The individual phenyl rings of the biphenyl units cannot be coplanar, so they twist about the
central C-C bond. This creates a spiral-like geometry that is chiral. There are FOUR possible
stereoisomers as shown. Structures 1 and 4 are enantiomers of one another. Their
diastereomers 2 and 3 are also enantiomers of each other.
NOTE that the CH2 groups cannot be stereogenic centres!
In fact, it turned out that the barrier to rotation around the right-hand biphenyl unit was quite
small so it flipped back and forth rapidly at room temperature. Only the left-hand biphenyl unit
was configurationally stable. Thus, only a pair of enantiomers (shown as the intermediate step
in the scheme above) could be observed.
Bringmann, G.; Mühlbacher J.; Reichert, M.; Dreyer, M.; Kolz, J.; Speicher, A. J. Am. Chem. Soc.,
2004, 126, 9283–9290.
3. Use Newman projections to draw all the conformations possible for meso-2,3-butanediol.
Which conformer will have the lowest energy? Why?
On purely steric grounds we might expect the anti conformer to be most stable. However, in the
gauche conformation there is H-bonding between the adjacent OH groups. This adds stability
and overcomes the energy-raising due to the CH3/CH3 gauche relationship. Note that the gauche
energy is about 0.8 to 0.9 kcal mol-1, but a typical H-bond between hydroxyls lowers energy by
close to 5 kcal mol-1.
NOTE: eclipsed geometries are not “possible conformations”. As we noted in class, they are
TRANSITION STATES and not local minima. A conformation must be a stable structure with a
finite lifetime.
See http://chemistry.stackexchange.com/questions/6647/which-is-most-stable-conformationof-optically-inactive-butane-2-3-diol.

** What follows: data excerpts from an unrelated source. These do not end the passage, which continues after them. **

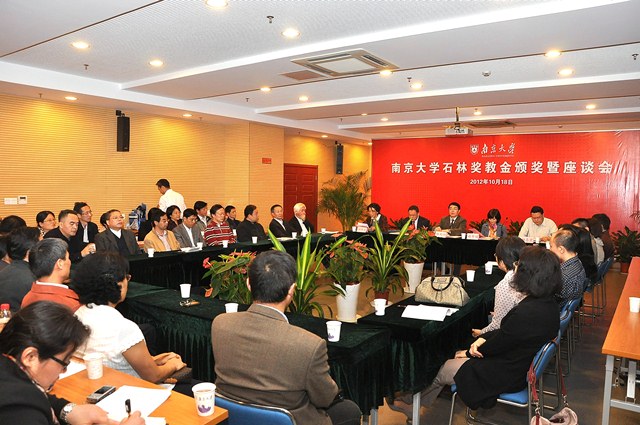 匡亚明学院许望、信息管理学院沈固朝、外国语学院王守仁、文学院吕效平、体育部殷飞、海外教育学院陈佩秋、建筑与城市规划学院赵辰、医学院朱亚文老师先后发言。他们畅谈了自己长期坚持本科一线教学的酸甜苦辣,感谢学校和石林集团共同设立奖教金认可老师的付出,并表示,今后仍将继续奉献在教学一线,为我校“三三制”本科教育改革贡献自己的力量,同时享受教书育人的乐趣。
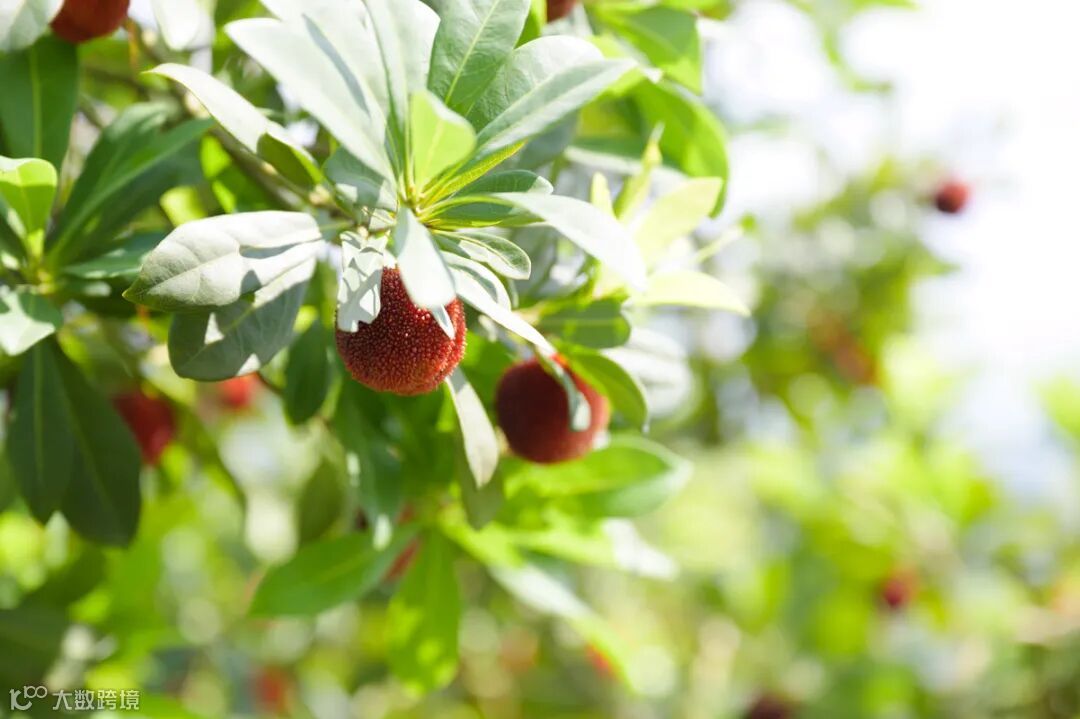 正谷生态杨梅基地,阳光下的杨梅正在成熟转色
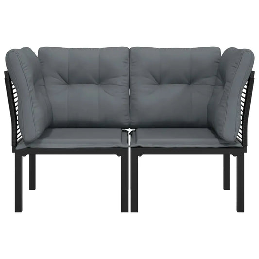 vidaXL Patio Corner Chairs with Cushions 2 pcs Black and Gray Poly Rattan
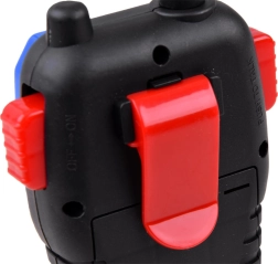 Zábavná dvojica detských vysielačiek na hranie vonku aj doma ponúka obojsmernú komunikáciu s dosahom až 35 m, jednoduché ovládanie tlačidlom PTT, klip na opasok pre voľné ruky a pružnú, pogumovanú anténu pre vyššiu odolnosť.
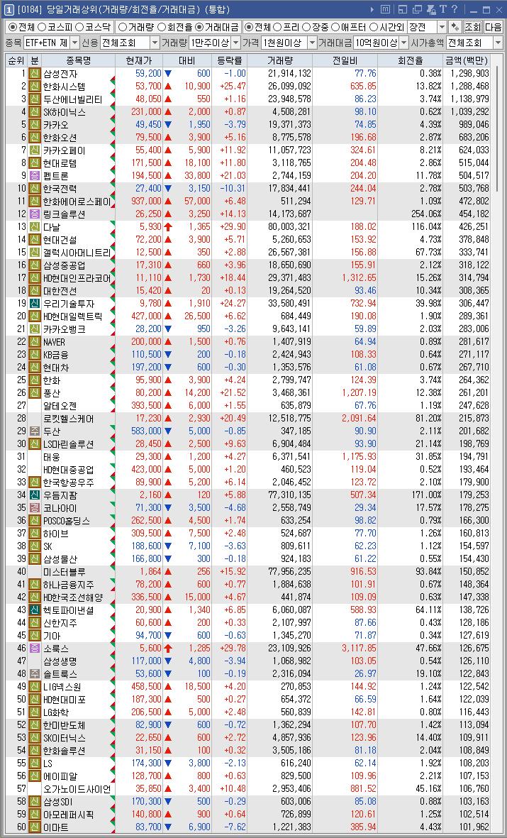 우리기술투자 | 20.08 | 291,430 | '원화 스테이블코인' 도입 기대감 지속 속 가상화폐 테마 강세 |
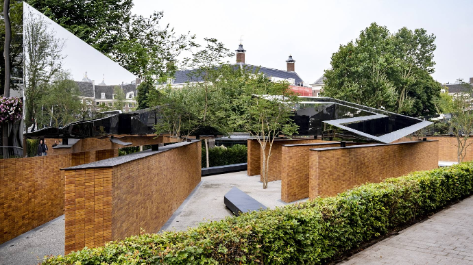 Памятник, спроектированный 75-летним Даниэлем Либескиндом, потерявшим родственников во время Холокоста, находится в центре нидерландской столицы и представляет собой лабиринт кирпичных стен, которые, если смотреть сверху, образуют еврейские буквы, читаемые «в память».
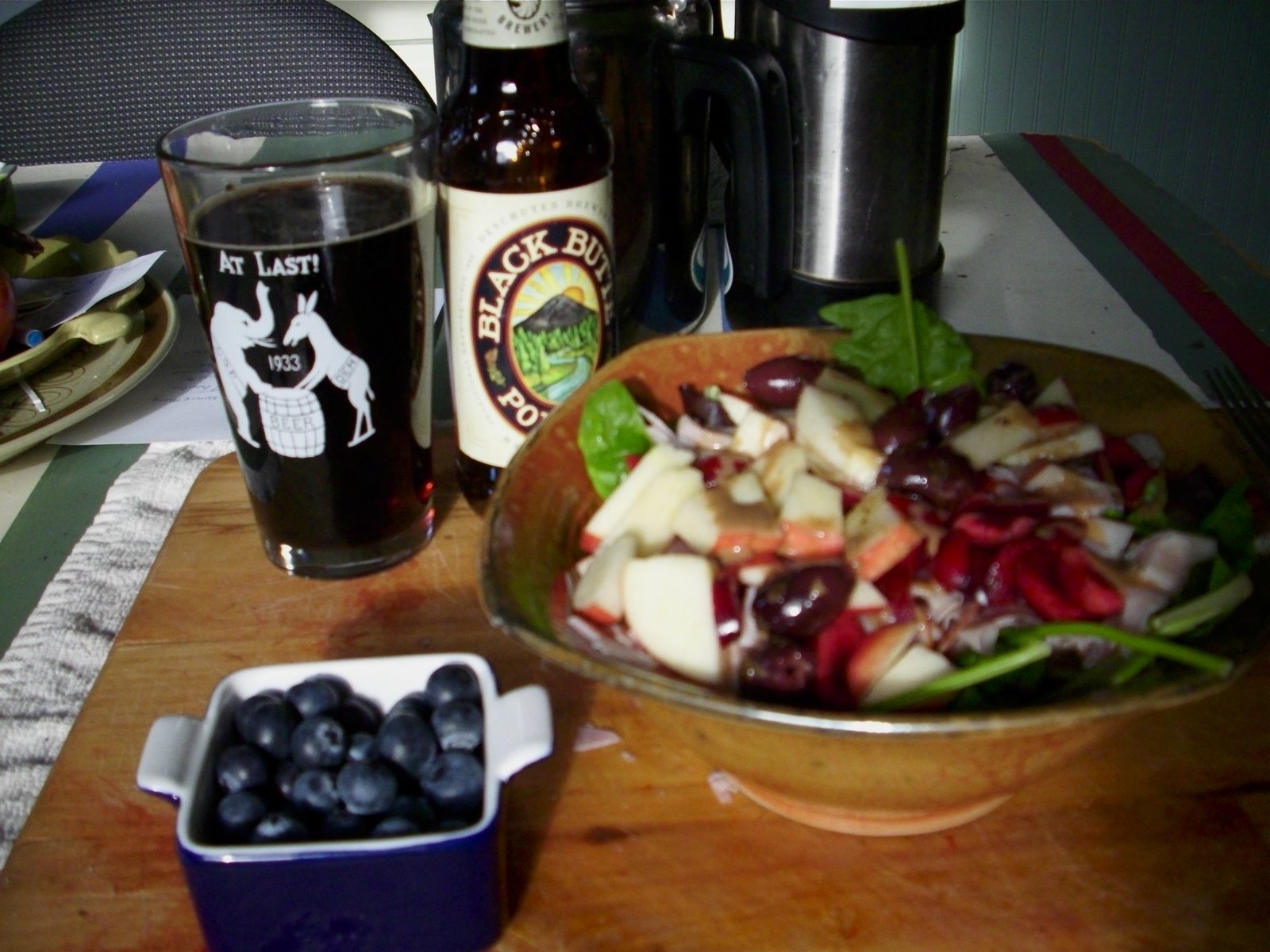 Been a while. Beer in the FDR museum glass, greens-cherries-apples-ham-olives, blueberries. I love summer for the fruits and veggies.

4. Draw a specific stereoisomer of 1-bromo-1-phenyl-2,3-dimethylbutane that could form
exclusively Z-1-phenyl-2,3-dimethylbut-1-ene on treatment with DBU in warm CH2Cl2. (DBU =
1,8-diazabicyclo[5.4.0]undec-7-ene, see Klein p 385).
This is right out of second-year introductory organic! E2 eliminations are stereospecific,
requiring an antiperiplanar alignment of the C-H and C-X bonds. The (S,S) enantiomer would also
work but the (S,R) and (R,S) compounds would lead to the E alkene product.